Y no se me ocurrió vacunar este medio de comunicación a mi inquieto afán de emular a los ojos del Guadiana (ese río peninsular cuyo nacimiento emerge de improviso en distintos tramos), pero si bien dejé sin actividad mi primer intento por abrir este blog (al haber olvidado mi antigua contraseña), intentaré rectificar ese abandono, y nada mejor que hacer coincidir tal reaparición con el inicio del veranillo  de san Martín, tras las celebraciones de la última fiesta de las cosechas en el calendario celta –y tiempo del inicio de la matanza del cerdo doméstico en el medio rural hasta un pasado reciente en el hemisferio norte–, que en la cultura china se considera como la estación intermedia,  asociada al elemento Tierra en la teoría de los cinco elementos de su medicina tradicional.

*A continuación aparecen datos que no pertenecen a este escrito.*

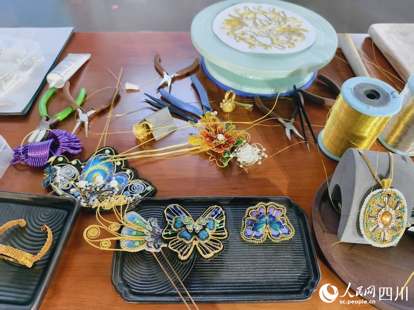 四川大學博物館成都銀花絲制作體驗中教師展示的銀花絲作品。人民網記者 郭瑩攝
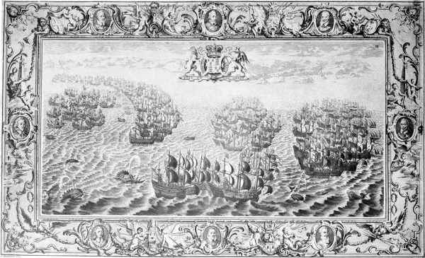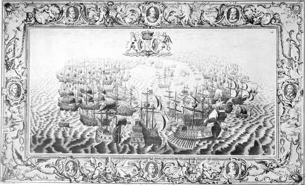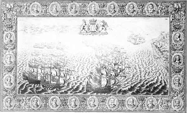 THE Defeat of the Spanish Armada being the most glorious Victory that was ever obtained at Sea, and the most important to the British Nation, every Method deserves some Praise, that may in a suitable Manner propagate the Memory of it. Our Ancestors, that were personally interested in it, were so careful it should not pass into Oblivion, that they procured the Engagements between the two Fleets to be represented in ten curious Pieces of Tapestry, with the Portraits of the several English Captains, taken from the Life, worked in the Borders, which are now placed, some in the Royal Wardrobe, some in the House of Lords, the most august Assembly of the Kingdom, there to remain as a lasting Memorial of the Triumphs of British Valour, guided by British Counsels. But because Time, or Accident, or Moths may deface these valuable Shadows, we have endeavoured to preserve their Likeness in the preceding Prints, which, by being multiplied and dispersed in various Hands, may meet with that Security from the Closets of the Curious, which the Originals must scarce always hope for, even from the Sanctity of the Place they are kept in.

                                              


Curiosamente, así como los druidas aconsejaban en sus tribus utilizar para los festejos de Samhain –precedente de la desacralizada fiestas de Halloween– ornamentos de color amarillo y naranja (además del verde, propio del muérdago, que se recolectaba en esas fechas), también en el otro extremo del continente euroasiático se recomendaba el empleo de esos colores para equilibrar el funcionamiento de los órganos encargados del metabolismo de los nutrientes ingeridos y su transformación en energía, con las despensas abastecidas de las cosechas de los campos (cereales y leguminosas) y de las huertas estivales (con frutas y verduras, cocidas con miel o azúcar, secadas, ahumadas o fermentadas), completada con  las vituallas de temporada obtenidas en los bosques  (frutillas rojas, frutos secos y la amplia variedad de hongos otoñales, silvestres o cultivados) y las viandas resultantes de la caza.
                                                  


Es tiempo de calabazas y cítricos y de cosechar los pistilos de las rosas del azafrán –cuyo color tiñe la vestimenta de los santones hindúes y de los mojes budistas así como de  las musas griegas– así como de raíces y tubérculos y de berzas –resistentes a las frías temperaturas que se avecinan– y de cosechar olivas, nueces y almendras, que nos proporcionan la energía y el placer necesarios para avanzar en el tiempo, cuyos orígenes, leyendas, propiedades y versatilidad, me proporcionarán sustancioso material para esta nueva etapa.


Y, recuperando las buenas formas, ¡salud y buenos alimentos!